PROBLEM DETAILS:
Copy the listing exactly; drop the pictures.

DATA SEGMENT:
Content starts
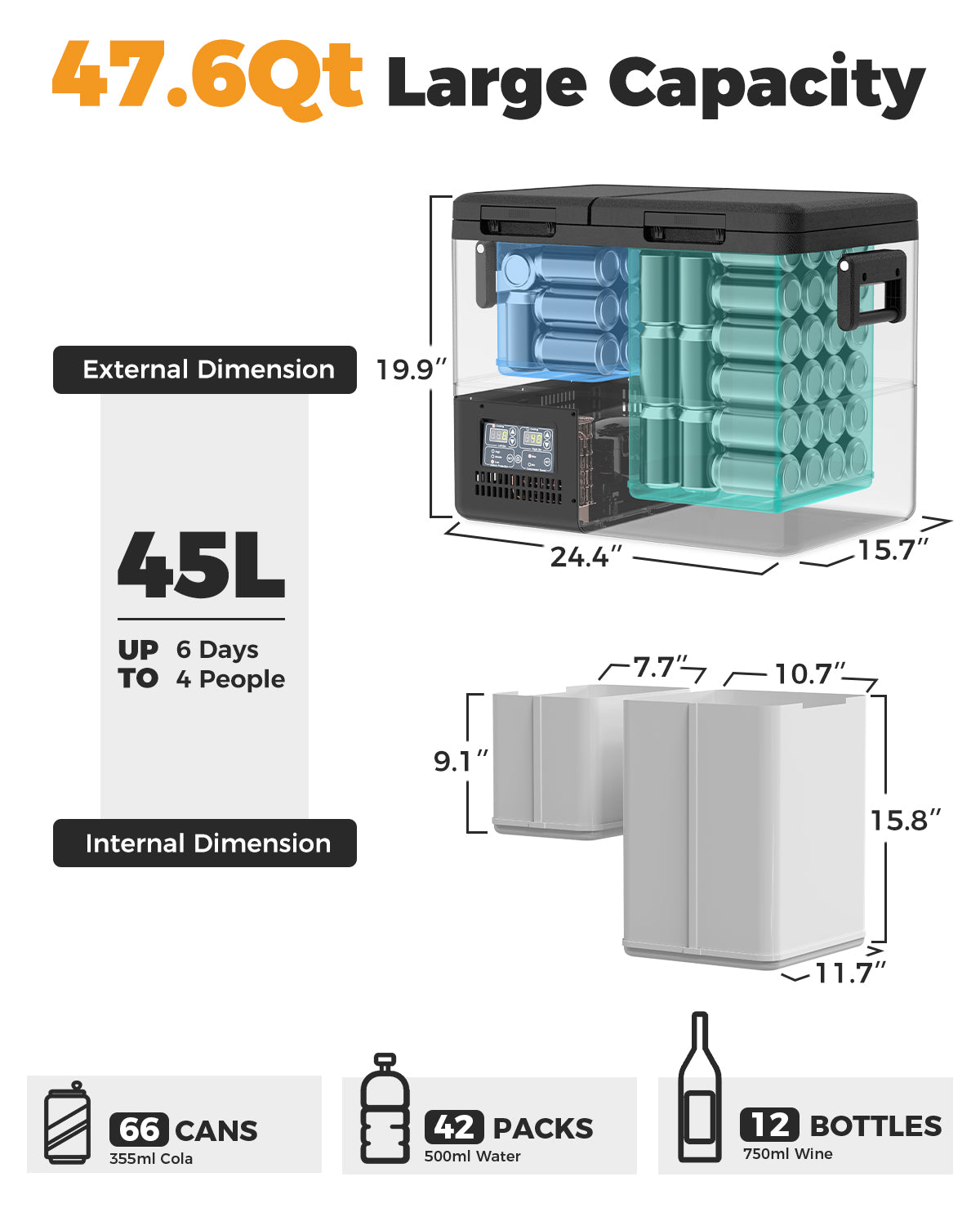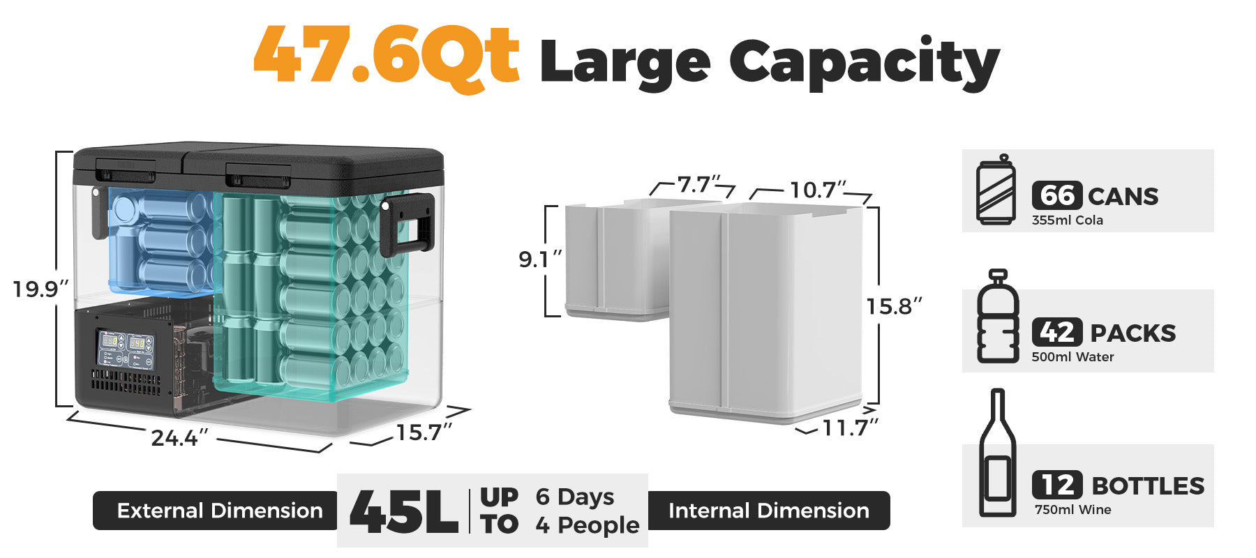 • 47.6Qt PT45: 24.4*15.7*19.9inches, 42lbs
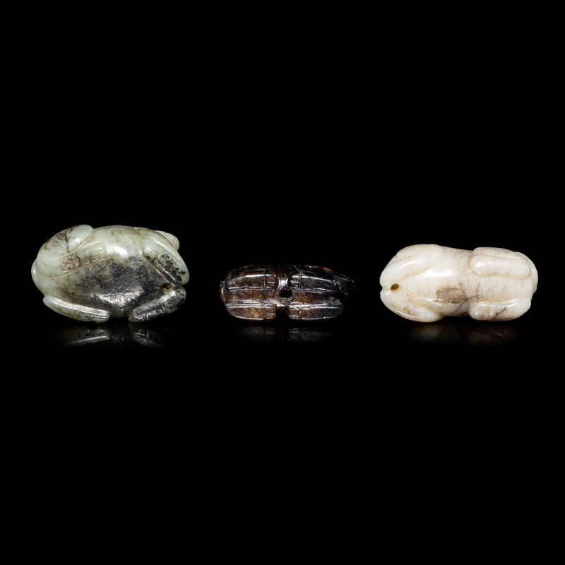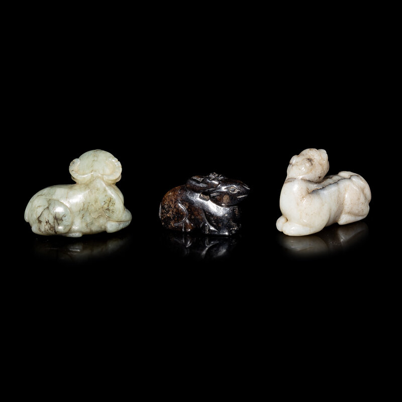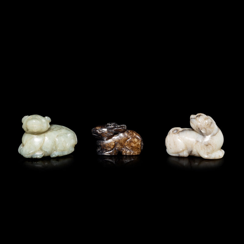 Comprising a black jade deer, a grey jade beast, and a celadon jade beast.
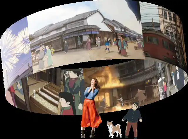 | 生駒時計店など現存する歴史的建物も物語の中に登場し、VR映像の中でまるで自分がその街角に立っているような不思議な感覚を味わえます。 | |||
Content ends
TASK OUTPUT:
 • 47.6Qt PT45: 24.4*15.7*19.9inches, 42lbs
 Comprising a black jade deer, a grey jade beast, and a celadon jade beast.
 | 生駒時計店など現存する歴史的建物も物語の中に登場し、VR映像の中でまるで自分がその街角に立っているような不思議な感覚を味わえます。 | |||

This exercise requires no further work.